Material to process>
*** Begin section ***

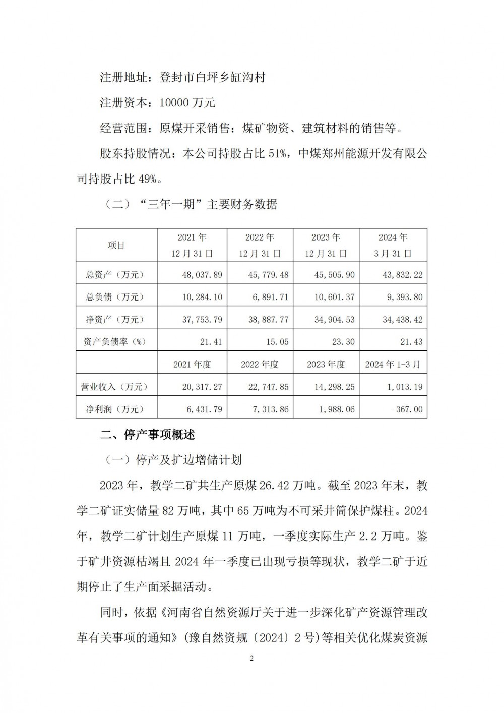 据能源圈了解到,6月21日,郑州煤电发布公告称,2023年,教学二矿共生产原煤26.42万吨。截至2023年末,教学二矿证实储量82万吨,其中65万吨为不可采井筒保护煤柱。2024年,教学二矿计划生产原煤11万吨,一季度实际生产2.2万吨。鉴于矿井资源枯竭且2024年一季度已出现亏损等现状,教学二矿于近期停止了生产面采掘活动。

*** End section ***
*** Begin section ***

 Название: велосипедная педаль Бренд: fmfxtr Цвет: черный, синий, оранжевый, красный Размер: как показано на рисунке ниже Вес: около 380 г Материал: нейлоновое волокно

*** End section ***
*** Begin section ***

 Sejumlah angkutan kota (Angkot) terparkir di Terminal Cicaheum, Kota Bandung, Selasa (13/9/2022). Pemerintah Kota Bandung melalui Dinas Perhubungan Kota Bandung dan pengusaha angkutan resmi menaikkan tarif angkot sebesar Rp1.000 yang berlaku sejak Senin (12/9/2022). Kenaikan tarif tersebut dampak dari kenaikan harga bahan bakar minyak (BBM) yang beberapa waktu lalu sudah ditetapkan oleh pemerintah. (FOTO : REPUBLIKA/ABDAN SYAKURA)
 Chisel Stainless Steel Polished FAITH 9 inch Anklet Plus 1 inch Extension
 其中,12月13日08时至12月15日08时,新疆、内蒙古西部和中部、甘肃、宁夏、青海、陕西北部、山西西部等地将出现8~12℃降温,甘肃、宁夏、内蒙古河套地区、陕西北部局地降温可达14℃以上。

*** End section ***

What the task requires>
Take exactly the lines from the one containing "Chisel Stainless Steel" through the one containing "其中,12月13日08时至1" in the data above, and output them with nothing added.

Reply>
 Chisel Stainless Steel Polished FAITH 9 inch Anklet Plus 1 inch Extension
 其中,12月13日08时至12月15日08时,新疆、内蒙古西部和中部、甘肃、宁夏、青海、陕西北部、山西西部等地将出现8~12℃降温,甘肃、宁夏、内蒙古河套地区、陕西北部局地降温可达14℃以上。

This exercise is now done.